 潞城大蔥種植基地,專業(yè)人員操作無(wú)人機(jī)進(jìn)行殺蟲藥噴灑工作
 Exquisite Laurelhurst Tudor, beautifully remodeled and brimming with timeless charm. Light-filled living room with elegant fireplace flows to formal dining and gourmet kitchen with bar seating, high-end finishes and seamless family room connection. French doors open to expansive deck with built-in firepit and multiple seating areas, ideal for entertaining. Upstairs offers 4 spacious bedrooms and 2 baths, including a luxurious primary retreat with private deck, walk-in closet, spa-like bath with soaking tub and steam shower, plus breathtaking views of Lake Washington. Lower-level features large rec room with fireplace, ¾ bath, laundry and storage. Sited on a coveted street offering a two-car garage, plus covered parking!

+ + + + + + +

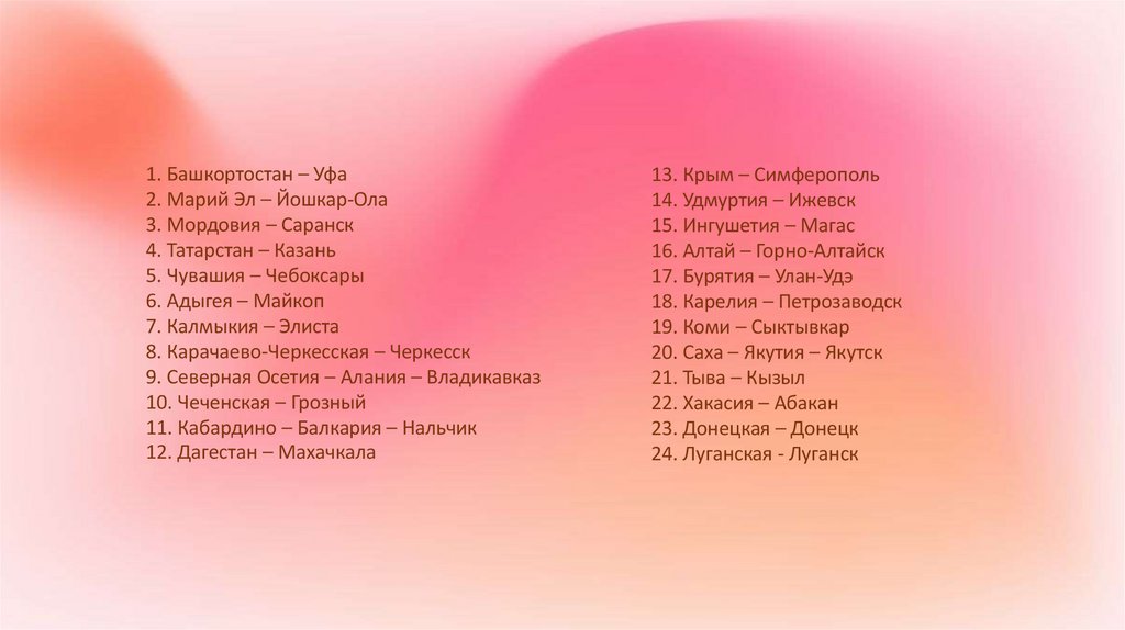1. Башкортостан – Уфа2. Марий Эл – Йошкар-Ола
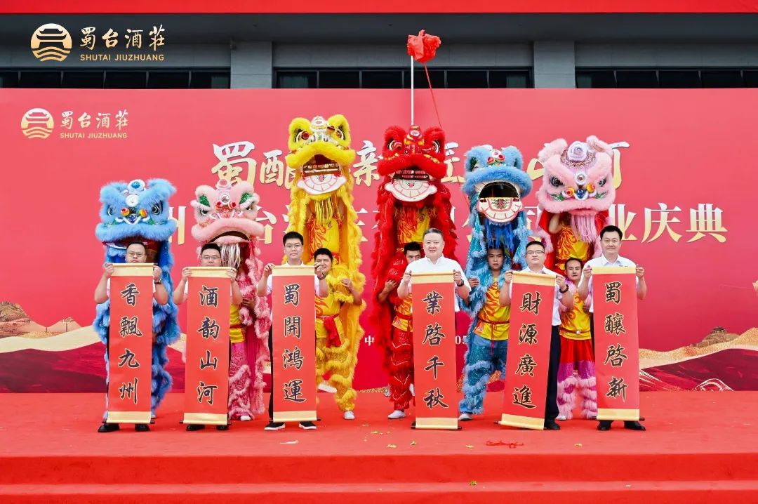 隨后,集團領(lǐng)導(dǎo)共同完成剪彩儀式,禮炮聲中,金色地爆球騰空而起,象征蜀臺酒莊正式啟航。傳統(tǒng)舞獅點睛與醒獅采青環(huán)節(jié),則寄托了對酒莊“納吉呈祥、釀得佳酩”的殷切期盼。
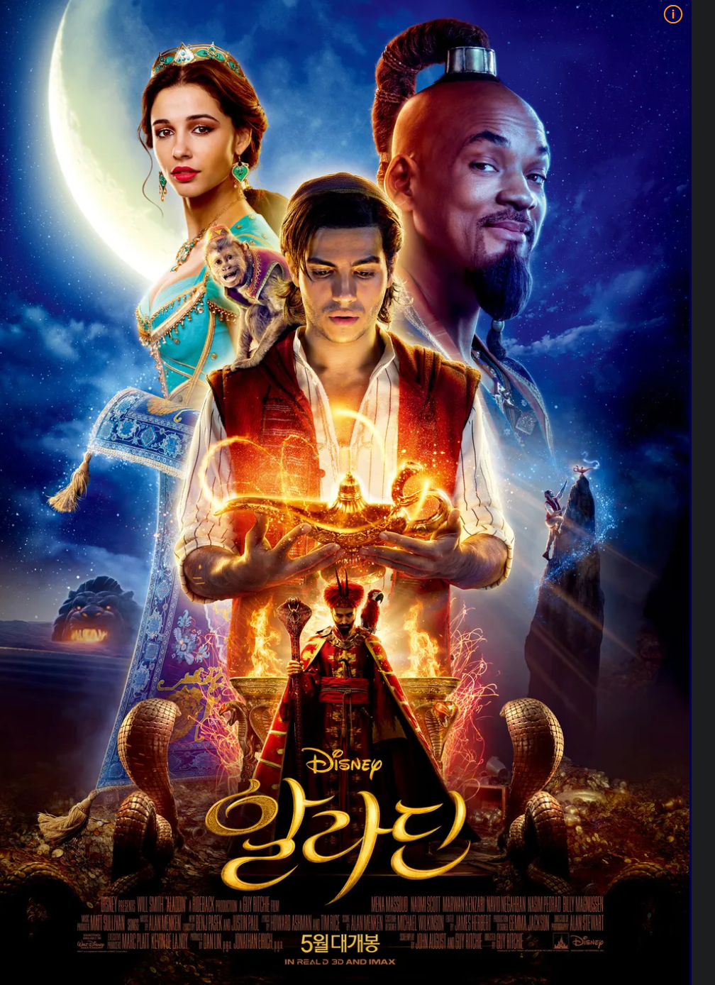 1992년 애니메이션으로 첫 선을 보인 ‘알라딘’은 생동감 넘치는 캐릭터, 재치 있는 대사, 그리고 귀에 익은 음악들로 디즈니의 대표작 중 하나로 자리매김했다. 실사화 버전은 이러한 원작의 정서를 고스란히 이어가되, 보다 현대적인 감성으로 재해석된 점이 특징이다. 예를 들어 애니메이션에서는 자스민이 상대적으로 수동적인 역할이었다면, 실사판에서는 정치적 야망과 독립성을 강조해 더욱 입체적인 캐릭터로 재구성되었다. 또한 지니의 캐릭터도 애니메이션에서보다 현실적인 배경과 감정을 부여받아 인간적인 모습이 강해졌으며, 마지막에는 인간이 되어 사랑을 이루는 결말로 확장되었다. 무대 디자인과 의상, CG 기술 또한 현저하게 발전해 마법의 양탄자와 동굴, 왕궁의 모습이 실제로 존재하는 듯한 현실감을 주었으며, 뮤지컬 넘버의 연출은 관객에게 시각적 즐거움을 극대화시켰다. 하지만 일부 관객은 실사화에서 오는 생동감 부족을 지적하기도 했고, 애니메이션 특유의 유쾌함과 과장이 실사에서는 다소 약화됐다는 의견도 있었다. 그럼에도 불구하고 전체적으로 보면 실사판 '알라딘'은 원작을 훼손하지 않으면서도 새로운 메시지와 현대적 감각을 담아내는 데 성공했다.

+ + + + + + +

Using the listing above, return word for word each line from the one that has "潞城大蔥種植基地,專業(yè" through the one that has "Exquisite Laurelhurst Tudor, beautifully", and no line outside that range.

◆ EXERCISE SOLUTION ◆
 潞城大蔥種植基地,專業(yè)人員操作無(wú)人機(jī)進(jìn)行殺蟲藥噴灑工作
 Exquisite Laurelhurst Tudor, beautifully remodeled and brimming with timeless charm. Light-filled living room with elegant fireplace flows to formal dining and gourmet kitchen with bar seating, high-end finishes and seamless family room connection. French doors open to expansive deck with built-in firepit and multiple seating areas, ideal for entertaining. Upstairs offers 4 spacious bedrooms and 2 baths, including a luxurious primary retreat with private deck, walk-in closet, spa-like bath with soaking tub and steam shower, plus breathtaking views of Lake Washington. Lower-level features large rec room with fireplace, ¾ bath, laundry and storage. Sited on a coveted street offering a two-car garage, plus covered parking!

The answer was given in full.